I have a Buddy with a trashed S-10 frame. If the steering box is still on it I may run up and take some measurements.
 
#58 ·
I can't stress enough, it was a personal thing for what I wanted my truck to be. It's that simple, it's like I decided to put five spoke Americans on it, that's all.

Brian
 
#65 ·
Both the rockers and my plasma cutter came today. The UPS guy looked just like Santa to me. :)

I spent the time I had today working on the front body mount. I will post some pictures. I made three designs before I got one that was acceptable. I have not drilled the mounting holes. I will do that after I get the inner rocker positioned so I can be sure of it's exact location. I also need to get some heavy material to reinforce it so it won't collapse when I tighten the body down.

Lots of welding left before it is one piece.





 
#68 ·
frame strength

with that much body rust I am wondering how strong the frame is. And wondering why you didn't do it like your merc with a newer chassis-floor. I looked at a 58 Ford retractable hardtop convert that was in bad shape , rusted out like your chevy , and passed it by Too much work for me.
 
#72 ·
John, I see you have things completely under control.
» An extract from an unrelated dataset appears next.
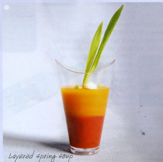
Layered spring soup
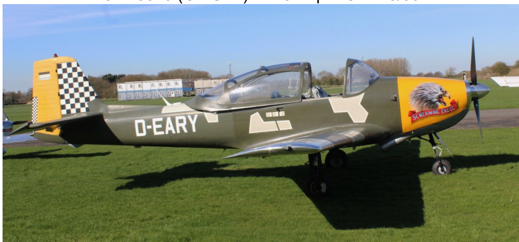
D-EARY Focke Wulf Piaggio P149 25/03

While reading through the posts, I had a thought reading all the options on clips, aftermarket pieces and your Mercury build. Would it be a reasonable thought worth any time to consider using a whole frame from a S-10 or other full frame vehicle (forgive me here, but what about a ranger? I think the track is maybe a little narrower than a S-10)? I'm just asking, because I have no specs on width of either frame, simply just a thought. I'm sure it would have to be shortened, I just didn't know if that would solve the issues with the clip width adn matching to the older frame. I have heard of people doing that with the older trucks to save time and money, don't know if it would be an option for the cars or not.

Kelly
 
#73 ·
Thanks for the thought you have given this Kelly. The origional convertible frame has a massive crossmember under it. I really don't believe the bennefits would out way the work that would be required to do the frame swap nor do I believe the end product would be nearly as stiff as the origional frame.

John
 
#77 ·
Here is the basically finished floor brace. The origional purpose of this thread was to show that a car could be built on a budget. There is 3 dollars worth of metal in this brace. It is built out of 5 small pieces of metal and the only tools used were shrinker/stretcher jaws and a mig welder. Of course I also used a 9 dollar die grinder and and my compressor.

The thing you must remember is I enjoy this. The fact that I have a ridiculous amount of time in it is irrelevant to me. I had fun :D



Beside the original one.

 
#81 ·
Okay John, I don't know if people are just trying to be kind and don't want to offend or maybe they just hadn't noticed but I feel it my responsibility to honestly critique the brace you built. I hope your not offended and I'm only pointing out to you what to me is the obvious...Your knew brace doesn't look anything like the original...it's not even the same color...LOL

Great job John, it is truly a labor of love.

Ray
 
#86 ·
Gorsh. Can you guys tell I'm blushing? :D

Here is the lower edge of the toe board.

I had my wife take a picture of me tipping the curved edge of the lower lip on the flat wheel of my English Wheel. This is done by putting a piece of cardboard or something similar under the axle of the lower anvil (wheel) and then working your piece through it tipping the flange you want to bend. After each pass you adjust it with the shrinker/stretcher jaws to add or remove material as needed. Many people use their bead roller with flat dies or tipping dies to do the same thing.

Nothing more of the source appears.